The repercussions of this are that code in mid-execution cannot be satisfactorily updated to reflect code reloading changes. That code has to be able to continue executing without error using whatever objects it is holding onto, whatever the approach taken to code reloading is.

Methods

A method is a reference to a function, whether it is obtained from a class or an instance. In the following case, a method is being obtained from a class.
>>> class X:
... def f(self):
... pass
...
>>> X.f
<unbound method X.f>
Methods have attributes which refer to the class (im_class) and function involved (im_func), and possibly also an instance (im_self). Bound methods are taken from instances and have values for all three attributes, whereas unbound methods are taken from classes and do not have an instance. All of these attributes are read only and cannot be changed.
>>> dir(f)
[..., 'im_class', 'im_func', 'im_self']
>>> f.im_class
<class __main__.X at 0x01A1F720>
>>> f.im_class = X
Traceback (most recent call last):
File "<stdin>", line 1, in <module>
TypeError: readonly attribute
So methods stored as local variables of frames are effectively unchangeable references to the classes and functions they were taken from, both of which can be updated by code reloading. The existing references held in the methods stay in use until the code the frame is associated with, exits.

If the approach taken to code reloading relies on old versions of updated classes not being used after the update, then this is problematic. Whatever approach taken to code reloading, the stale function reference may continue to be used, and programmers need to be aware of that as well.

Wednesday, 25 February 2009

Implementing code reloading, part 1

This post continues on from A custom namespacing system for Python, part 2.

Code reloading

There are many situations where it is useful to be able to update the code an application is using while it is running. Some of the most common are when:

  • A service is being provided by the application and interruption to that service for its users is undesirable.
  • Starting up the application takes an excessive amount of time and modifying its behaviour without restarting it can allow for more productive development.
  • The state which the application maintains is built up after it was started, and the ability to modify behaviour of the application without restarting it allows interaction with the accumulated state.
The obvious way to implement the process of code reloading is to take new versions of objects from a changed file and replace the existing versions which were taken from the file before it changed. This approach will be explored first.

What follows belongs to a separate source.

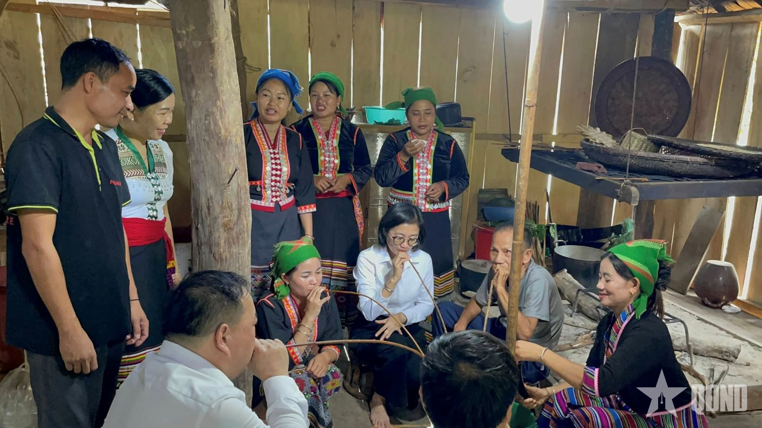 Cán bộ địa phương và người dân uống rượu cần chia vui cùng gia chủ.

Code reloading through overwriting

With the custom namespacing system previously created, a script file can be loaded and its contents placed into a given namespace.

First a script needs to be loaded.
scriptFile = LoadScript("scripts\example.py", "game")
Next the script is run, placing its contents into the given namespace.
RunScript(scriptFile)
This can easily be hooked up to file change events.
def OnFileChanged(filePath):
scriptFile = LoadScript("scripts\example.py", "game")
RunScript(scriptFile)
A simple overwriting code reloading system can be implemented by repeating this process every time a file changes, which is exactly what would happen if there were actually a file change event hooked up in the manner shown. In response to a file change, the previously created objects from before the change are overwritten by the newly created versions from the freshly changed file.

Overwriting functions

If each time a function is called it is accessed via the namespace, the newest version of the function will be the one which is called. This makes sense, as this is the whole point of the overwriting process which happens on a reload. If a programmer wants to keep calling the same version of the function and not start calling new versions as they get put in place, they need to keep their own reference to the function to call, avoiding use of the namespace.

Overwriting classes

Let's try a few things. To start with, assume that "example.py" provides a base class called BaseObject.
class BaseObject:
def PrintClassName(self):
print self.__class__.__name__ +" (original)"
If there a class is defined, it is likely that at some point that class will be instantiated.
import game
baseObjectBeforeReload = game.BaseObject()
At some point "example.py" is changed, specifically the BaseObject class, triggering a reload. This is the new version of the class:
class BaseObject:
def PrintClassName(self):
print self.__class__.__name__ +" (reloaded)"
Now the namespace entry game.BaseObject will be a new class with the old version overwritten. And since the previously created instance baseObjectBeforeReload was created from the old version of the class, it will still be using that old version of the class.

Executing this code:
baseObjectAfterReload = game.BaseObject()
print baseObjectAfterReload.__class__ is not baseObjectBeforeReload.__class__
baseObjectBeforeReload.PrintClassName()
baseObjectAfterReload.PrintClassName()
Gives this output:
False
"BaseObject (original)"
"BaseObject (reloaded)"
For certain applications, this might be a desirable result. It won't update the behaviour of existing instances which are in use within the application, but it will give a different behaviour for new instances created from the newer classes. If a programmer still wants to create instances from older versions of the class, they can do so by taking a reference to the class from the namespace before a reload has happened and the processing of a changed file has overwritten it.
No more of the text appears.